ナイフとフォーク

電車やバスなどの交通機関に乗ると、当たり前のようにシルバーシート(最近はプライオリティシートの方が通じるでしょうか)があります。

ある意味では、社会が障がい者や高齢者を受け入れているあらわれのようにも見えますが、反面、決められた席を確保しなくては、私たちは席を譲ることができないのかとも思います。
本来なら、そんな席を作らなくても譲り合える社会こそが、健全なものだと思うのです。

友愛会で活動していると、このような社会の矛盾がよく見えてきますし、その矛盾にさいなまれることが多々あります。

たとえば、アルコール依存症の方が生活保護を受けているとします。
現物給付である医療扶助などは別として、生活保護は基本的には本人への現金給付です。本人が福祉事務所に取りに行く、もしくは本人の通帳に振り込まれるものです。

アルコール依存症の方が現金を手にしたらどうなると思いますか?
そうですね、飲んでしまいます。家賃代も生活費も、すべて酒代にかわってしまいます。

もちろん、「そんな奴に生活保護を出すな!」という批判の声もあるでしょう。
しかし、アルコール依存症は、れっきとした「障がい」です。

ある意味、本能の障がいとでも言えばいいでしょうか。
彼らにとって「飲まずにはいれない」ということは、依存症でない人の「眠らずにはいれない」と同じようなものです。

生理的欲求と化した飲酒欲求は、本人の意志だけでどうなるものではありません。
回復への支援が必要不可欠な障がいなのです。

話を元に戻しますが、私たちは、そんな彼らの生活の破綻を守り、障がい回復の手助けのために、金銭管理の手伝いをします。

もちろん、本人が「お酒をやめたい」という意志があって、はじめてできることです。
(意志だけではどうにもならないと言いましたが、まず本人の意志がなくては始まらないので。
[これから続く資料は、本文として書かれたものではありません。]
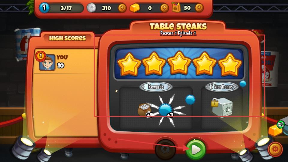 4、完成關卡后,會獲得星星評價和獎勵,可查看高分記錄,然后點擊繼續按鈕,進入下一個關卡繼續經營餐廳。
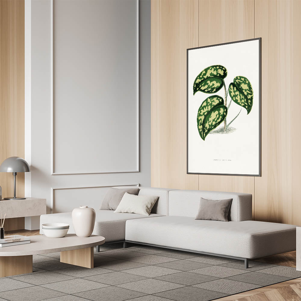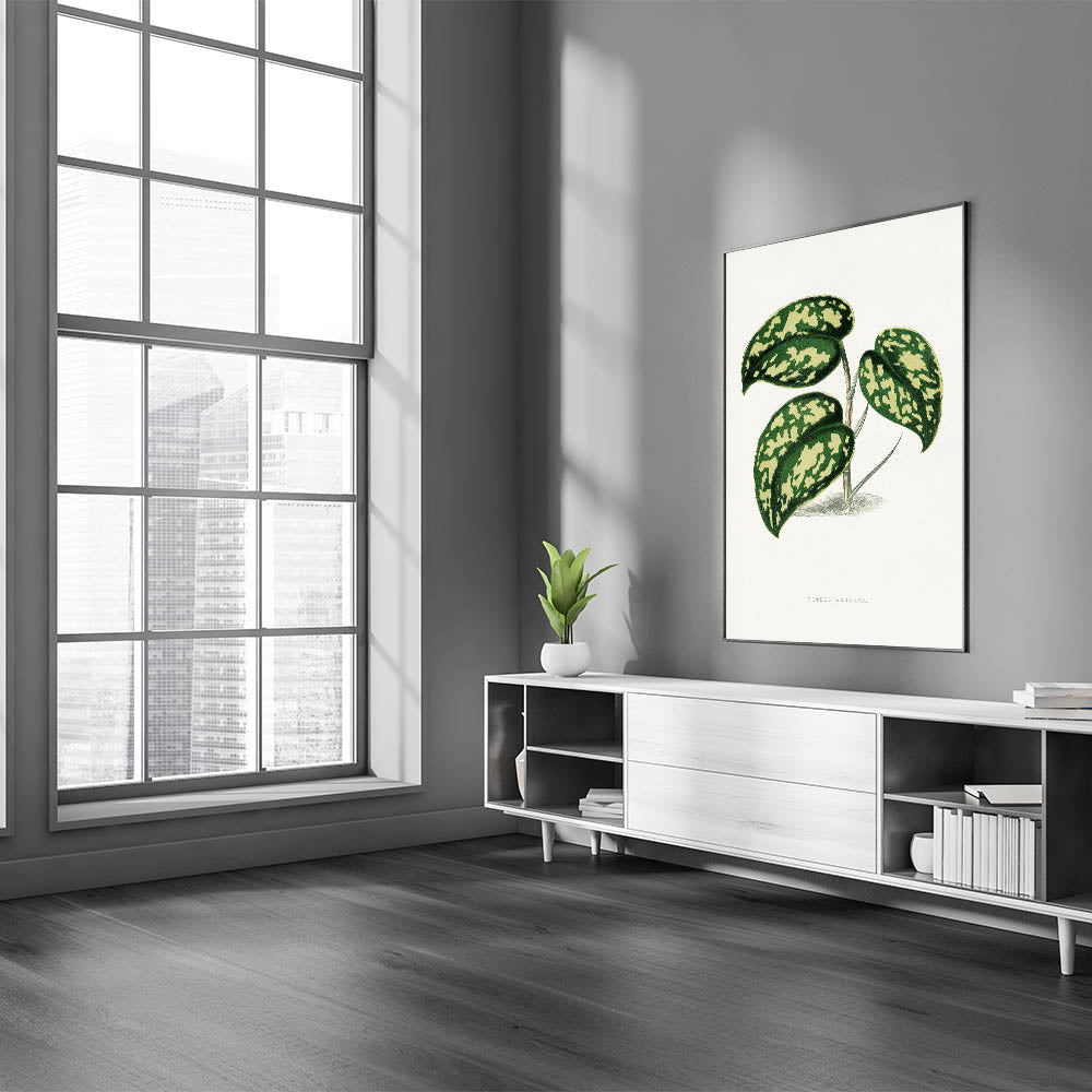 Infuse your space with the timeless elegance of Romantic botanical artistry through this captivating Pothos Argyraea leaf illustration from the 1865 edition of Les Plantes à Feuillage Coloré by Alexander Francis Lydon and Benjamin Fawsett. This exquisite print highlights the intricate beauty of variegated leaves, combining scientific precision with the artistic charm of the Romantic era.
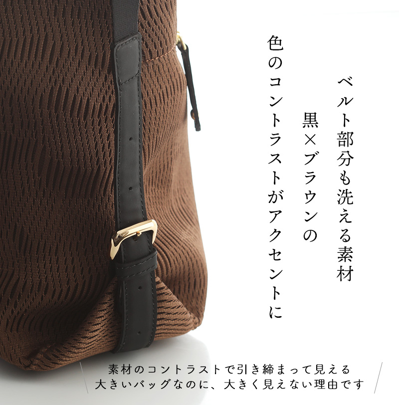■サイズ 横:約34cm 縦:約34cm 厚み:約12cm *パソコンを入れる場合はインナーケースに入れることをお勧めいたします。(縦横31cm程度以内のインナーケースであれば入ります) *ショルダーベルトは3センチおきに6階調節可能です *サイズは外寸です ■重さ 425g ■素材 外装:メッシュ、合成皮革、 内装:ナイロン メッシュ部分 ポリエステル100% 合成皮革部分 表面層-ポリエステル100%+基布-ナイロン60%/ポリウレタン40% ■モデル身長:161cm 立体商標登録済 |
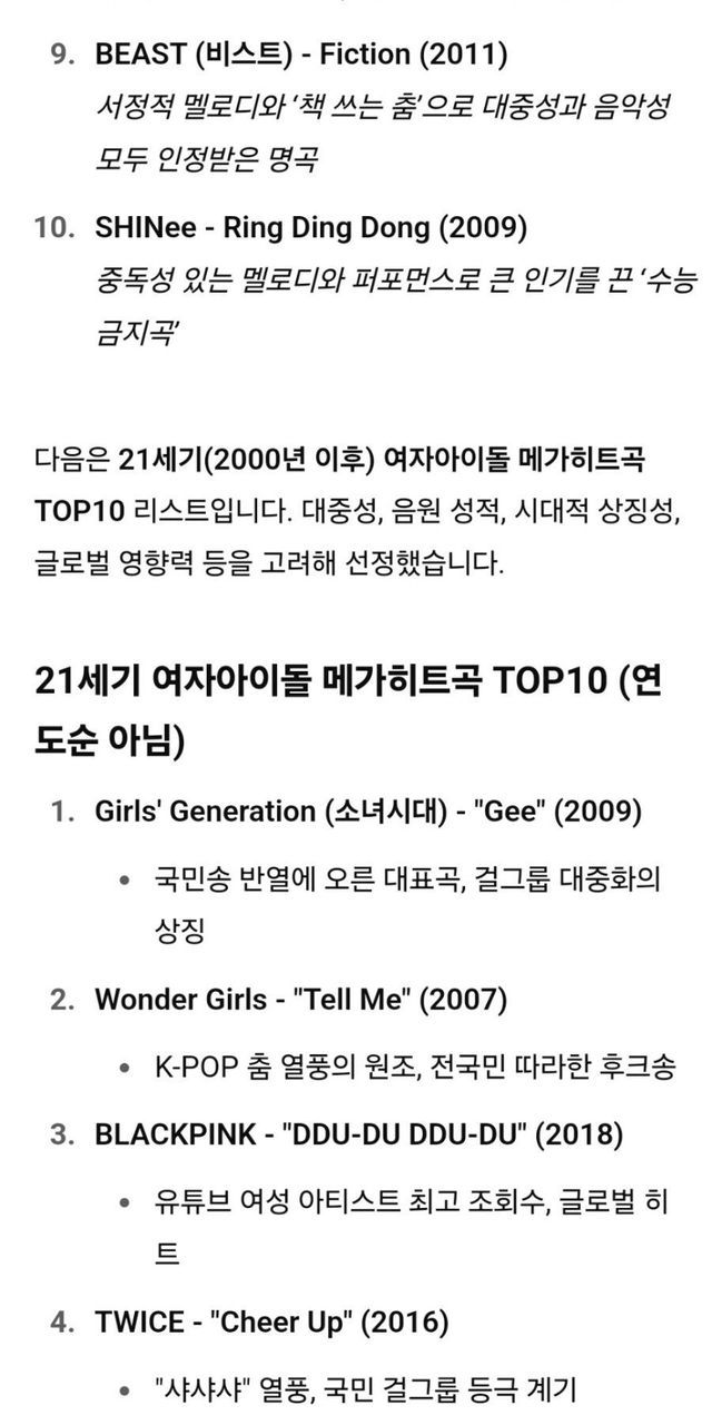 1위 소녀시대 Gee(2009)
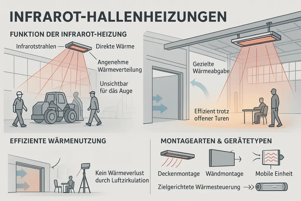 • Lösung: Infrarotheizungen erwärmen gezielt Arbeitsbereiche und vermeiden Energieverluste durch Luftzirkulation.
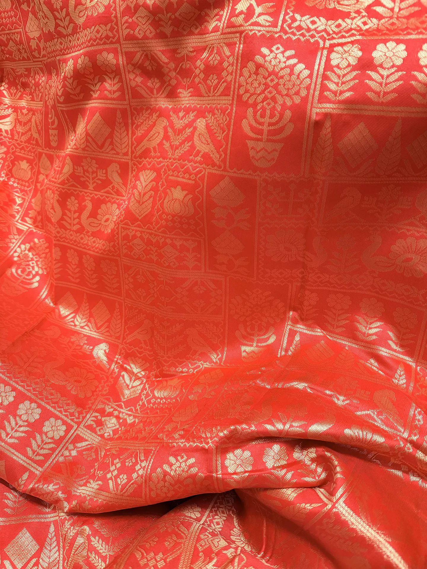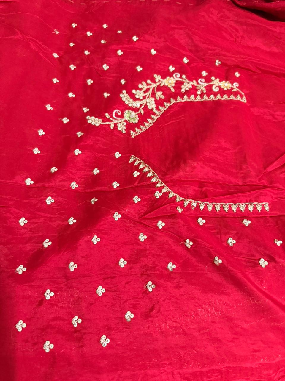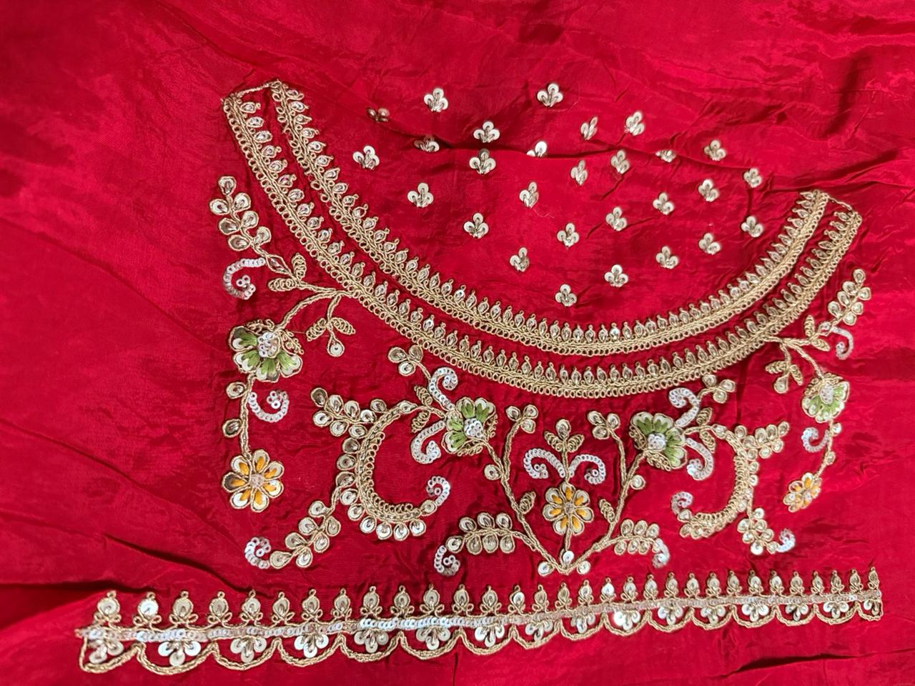 The saree is amazing. Shiny. Very neat finishing, and the perfect red for weddings.
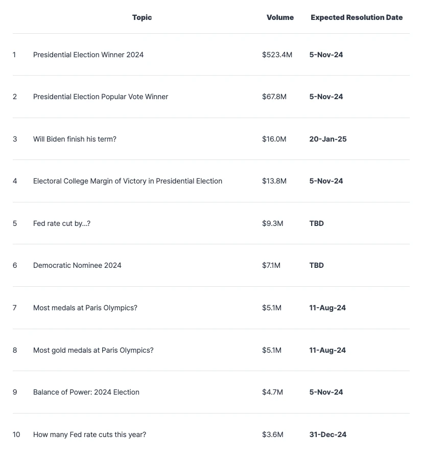 Polymarket 中交易量前十的预测主题结算日期如下,这与体育博彩形成鲜明对比,体育博彩的大多数结算时间都在几个小时或最多一周内结束。对于某些预测主题,人们不知道结算时间何时发生,甚至也不知道它是否会在主题结束日期之前发生。
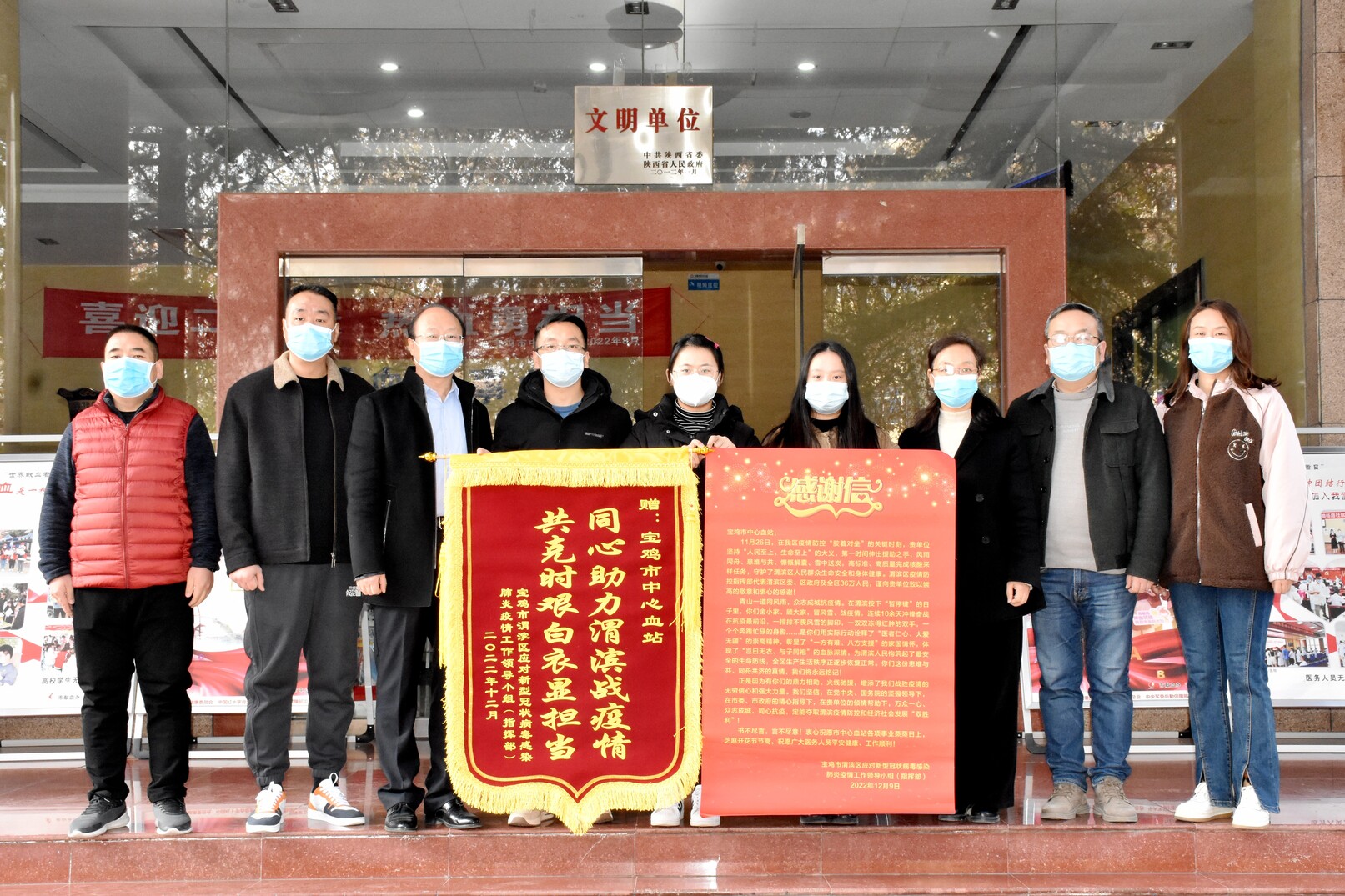 本轮核酸采样中,居民区入户采集占据较大比例,为此,血站5名工作人员明确分工,逐楼层逐户上门采集,按要求做到应采尽采,不漏一人。日复一日,连续作战,汗水浸湿了衣襟,口罩勒红了脸庞,但是没有一个人喊苦叫累,大家在默默坚守中践行着医者的责任和使命。渭滨区疫情指挥部给血站采样队赠送了锦旗和感谢信,其中锦旗上书写的“同心助力渭滨战疫情,共克时艰白衣显担当”是对5名采样人员近期工作的最高肯定和褒奖。

)

本人がどうしても断酒への意志を持てない間は、出来ない事です。
本人が気持ちのどこかで酒をやめたいと思っているならば、障がいに負けないよう手伝うことが必要です。

しかし、本末転倒かなと思うのは、本人への現金給付では、彼らの意志の中に断酒への思いがあっても、「魔がさすこと」(本当に意志だけでは止めるのは難しいのです)を助長してしまうことです。

制度で決まっているからとはいえ、何のための生活保護費なのかと、苦虫を噛んでしまいます。
本人給付の厳格化の背景には、悲しいかな、金銭管理と称して本人への生活保護費を流用するような事件があるからです。

私たちの活動は、「制度がそうなら仕方がない」と考えては、何もできなくなります。
もちろん、ルール(制度)をないがしろにするという事ではありません。

矛盾を生む構図を明らかにし、一つ一つ丁寧に、ルールの本来あるべき解釈を探し、各々に伝えて理解を得ていかなくてはならないのです。

世の中の事象は、「正しい解釈」が1つということはありません。
片側から見れば「正しい解釈」でも、逆から見れば「正しい解釈」とは言えないこともあります。

昔、南アフリカがまだアパルトヘイトの只中にあったとき、スティーブ・ビコ氏がこんなことを言っています。

「リベラルな白人は、私たちのことをかわいそうと思って食事を与えるとき、テーブルにつかせ、ナイフとフォークで食事を食べろといってくる。彼らリベラルが考える対等とは、自分たちの文化の中での『対等』という考えである。私たちはそんなことを望んでいるのではない。私たちには私たちの食事の文化がある。私たちは、自分たちの培ってきた文化の中で、私たちの食事をとりたいと言っているだけなのだ」

大概、マジョリティの中で正しいと思われていること、当たり前に良いのではと考えられる事に対して、われわれは盲目的に、疑問を持たず、「それでいいのだ」と思ってしまうことがあります。

しかし、そんなちょっとしたところにこそ、大切な視点が隠れているものです。